It has already been demonstrated by anthropological research that distinct villages retained isolation and preserved genetic structure through many centuries, revealing a number of extremely rare variants or haplotypes with common frequencies (12-27). This led to the identification of at least 7 Mendelian diseases in specific islands or even villages (Table 1). In 9 villages from the islands of Rab, Vis, Mljet, and Lastovo, we conducted measurements of 10 quantitative traits and demonstrated numerous apparent clusters of individuals with extreme values originating from particular villages. This was done in a random sample of 100 persons from each village, carefully selected from voting lists or medical records, and using unified methods and a single biochemical laboratory of international standard (42).

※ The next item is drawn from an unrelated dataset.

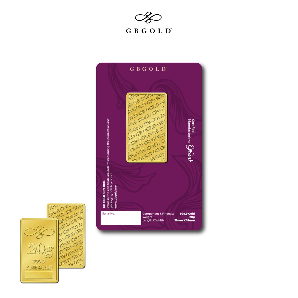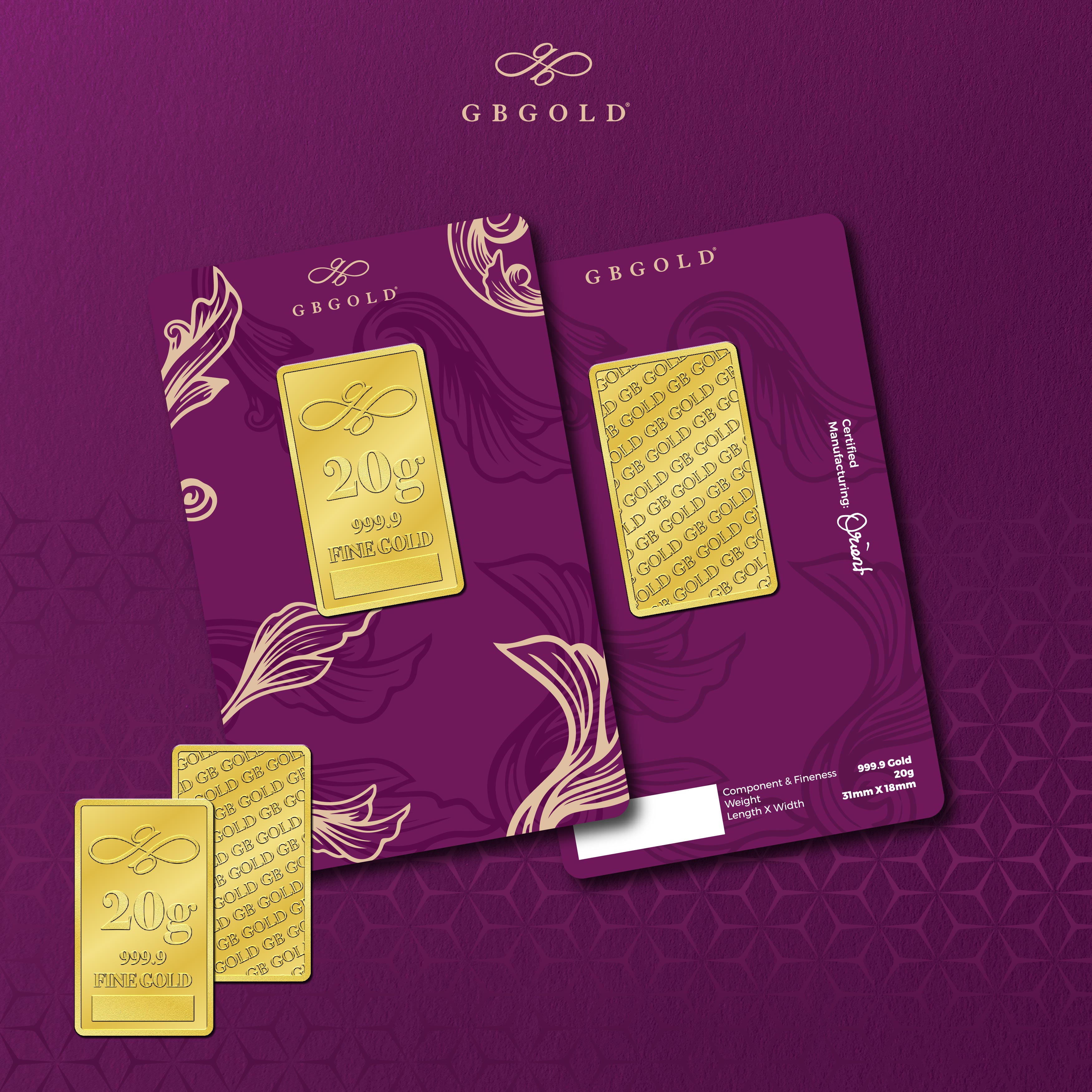 Introducing the GB GOLD Signature Gold Bar 20g (Emas 999.9), the perfect addition to your collection of gold decorations and accessories. Crafted with 999.9/24K purity, this gold bullion bar is a must-have for any discerning collector.

The “village effect” in this metapopulation of human genetic isolates, which apparently explains highly prevalent clustering of individuals from the specific villages in the extreme tails of the distributions of trait values, probably results from the joint action of factors related to variation in environment, population genetic structure, and data collection between the villages. Since we made strenuous efforts to minimize differences related to data collection and analysis, we need to investigate the possible role of the other two variables.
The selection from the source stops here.